Pour son treizième long-métrage à sortir en salle, Christophe Honoré joue avec le théâtre et le cinéma. Une épopée intime et collective, dans notre monde au timing bouleversé.
Périlleuse entreprise que de mettre en abyme avec une caméra une création scénique. Faire un film à part entière à partir d’un matériau documentaire : la reprise de répétitions avortées d’un spectacle, à la suite du premier confinement. Christophe Honoré a relevé le défi, alors qu’il réattaquait au printemps 2020 la mise en scène pour la Comédie-Française de son adaptation du Côté de Guermantes de Marcel Proust, troisième volet d’À la recherche du temps perdu. Il avait donc la double mission de continuer la préparation de la pièce, vouée à être représentée en septembre 2020, et de faire un long-métrage à partir de ce terreau, pour répondre à une proposition de la compagnie. Soit un lieu unique : le Théâtre Marigny à Paris ; une temporalité ramassée : les quelques jours du temps de fiction ; et une partie de la troupe du Français. Se greffent aussi au récit les jeux avec le réel : revendications syndicales de l’institution, nées de la crise sanitaire, décisions collégiales à adopter quant à la poursuite du projet – la date de réouverture des salles de spectacle restant floue -, et présence à l’image d’Honoré lui-même, en capitaine de bateau surfant sur les vagues de ces eaux incertaines.

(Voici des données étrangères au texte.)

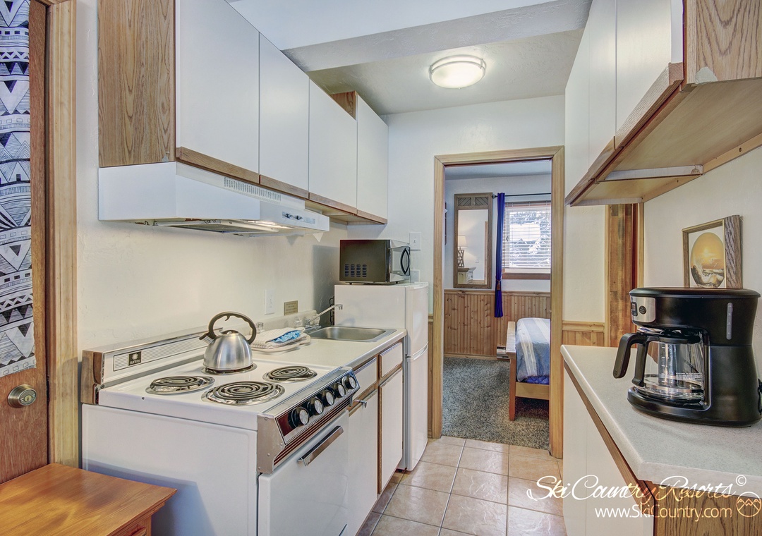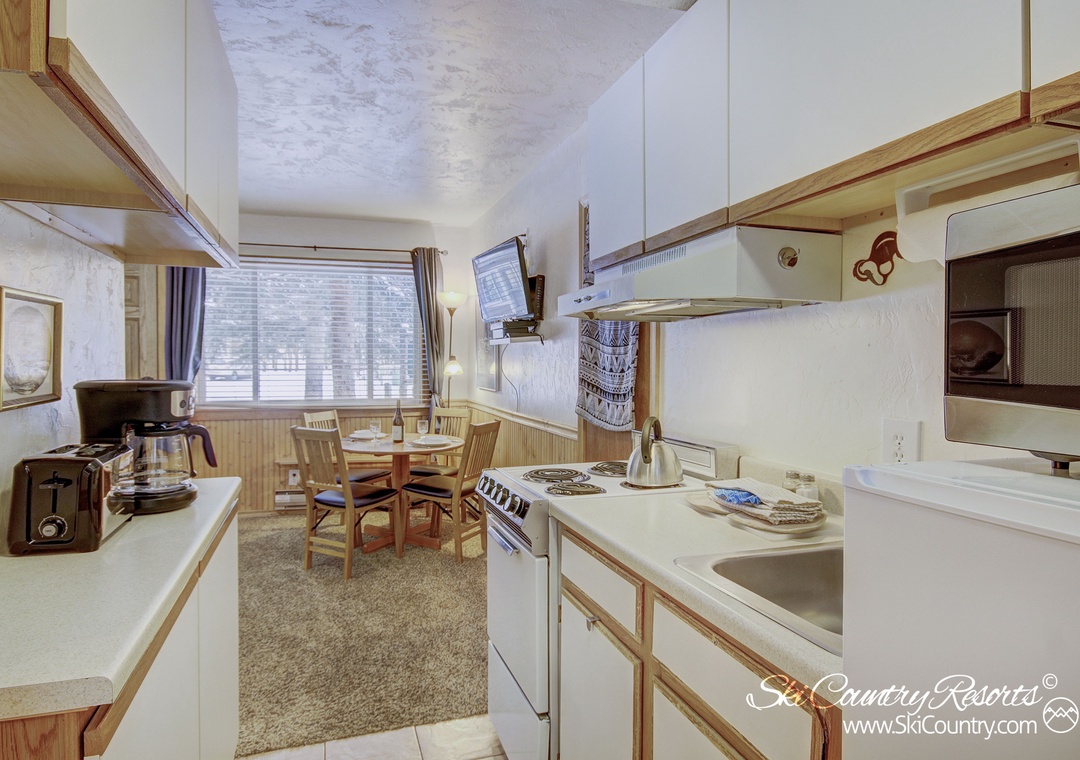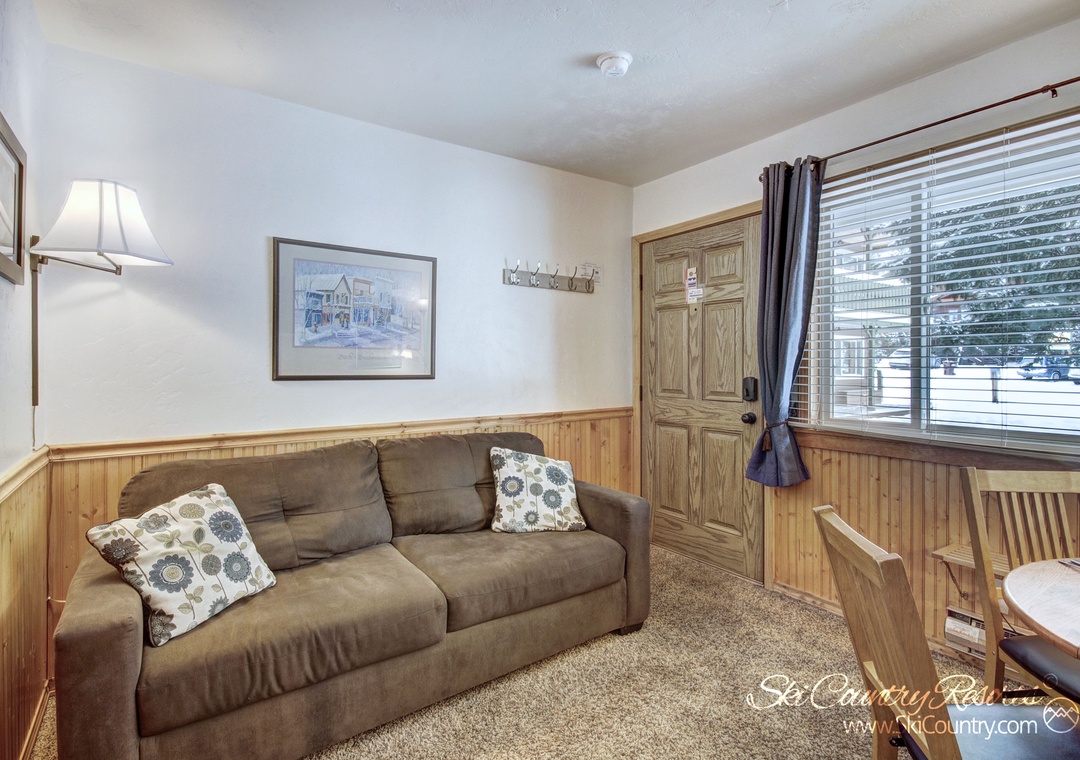 Step inside this first-floor, recently updated unit and you'll find yourself surrounded with mountain-cabin warmth. The living area is adorned with plush carpeting and sleek tile. Sink into the Queen Sofa Sleeper (with new memory foam mattress) to enjoy your favorite film or TV series on the 16" flat-screen TV, equipped with cable and DVD.

Le cinéaste, également scénariste, écrivain, dramaturge et metteur en scène d’opéra comme de théâtre, a toujours aimé travailler les moments de l’Histoire en marche, pour en faire des œuvres de création vivante. Il a notamment donné à voir sa version de la bande du Nouveau roman dans son spectacle éponyme (2012), et a rassemblé ses icônes masculines emportées par le Sida dans la pièce Les Idoles (2018). Ici, il s’amuse pour le grand écran à inventer du romanesque, sur fond d’ateliers proustiens, et à se nourrir des réalités et des improvisations de chaque membre de la brillante distribution. Le flou documentaire reste volontairement total. Laurent Lafitte regarde en boucle sur son smartphone la bande-annonce de son film non cité (L’Origine du monde vient de sortir en ce mois de septembre 2021) ; Stéphane Varupenne chante et joue des standards à la guitare, dont My Lady d’Arbanville de Cat Stevens ; et Dominique Blanc passe de l’énamourée à l’énervée au téléphone, en dialogue avec son amour, avant et après sa nuit entière à Marigny.
Finalement, le film est un beau moment sur l’attente et sur l’échange en période créative, sur l’entre-deux, comme un sas existentiel collectif. Chaque personnage évolue entre lâcher-prise et jugement, entre colonie de vacances, camping improvisé et fin de fête. Un prolongement de l’adolescence aussi, qu’Honoré a toujours préservée, avec son lot de fantasmes, de drague, d’ambiance traînante, et de goût du déguisement, parachevé par un joyeux final déambulatoire. Le temps perdu du confinement ne l’est plus, l’âge n’a pas d’âge, Claude Mathieu fait jeu égal avec Mickaël Pélissier, et l’illustre Marcel est revisité un siècle plus tard. La projection finie, on reste sur la sensation d’avoir assisté à un instant privilégié, avec une équipe pas comme les autres, de la discipline au vent de liberté. Avec aussi l’énergie de l’amour des planches, de la littérature et du cinéma. Et puis avec le temps d’être ensemble, enfin retrouvé.